Ein Dichter fällt aus der Rolle – kann er sich über die Sprache hinaus entwickeln?
Eine Frau kämpft sich durch den Verdauungsgang – oder ist es eine Wursthaut?
Ein Schlagwerk rumpelt im Uterus.
Ein Paar probt die Vereinigung im Elektrolysebad.
Eine Laborantin knetet und backt in reiner Handarbeit die schönsten Homunkuli…

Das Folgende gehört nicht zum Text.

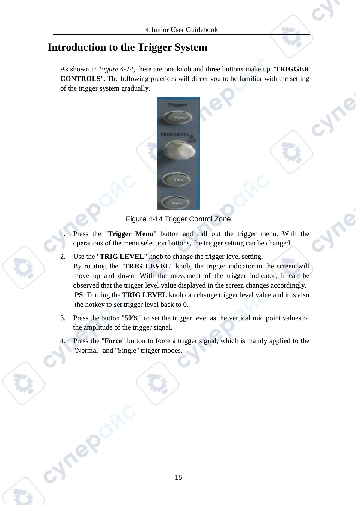 As shown in Figure 4-14, there are one knob and three buttons make up "TRIGGER

Die Dramaturgie folgt den Arbeitsschritten, welche die Alchemie zum Gelingen des „Großen Werks" vorschreibt –
der Herstellung des Steins der Weisen. Unterschiedliche Farbstimmungen zeigen die Phasen des Transformationsprozesses an.
Den Schmelz- und Destillationsvorgängen auf der stofflichen Ebene entsprechen Läuterungsprozesse auf der geistig-seelischen.
Gelungen ist das Werk, wenn es den vermeintlichen Gegensatz von Geist und Materie überwindet.
Ob dies den Adepten gelingt, bleibt jedoch offen.

 

Wir armen Menschen," sagt Basilius Valentinus (Alchemist des 16. Jh.), „werden für unsere Sünden allhier durch den Tod, den wir wohl verdient, in das Irdische, nämlich das Erdreich, eingesalzen, bis so lange wir durch die Zeit purificirt werden und verfaulen, und dann hinwiederum endlich durch das himmlische Feuer und Wärme auferweckt, clarificirt und erhoben werden zu der himmlischen Sublimation und Erhöhung, da alle Fäces, Sünden und Unreinigkeiten abgesondert bleiben."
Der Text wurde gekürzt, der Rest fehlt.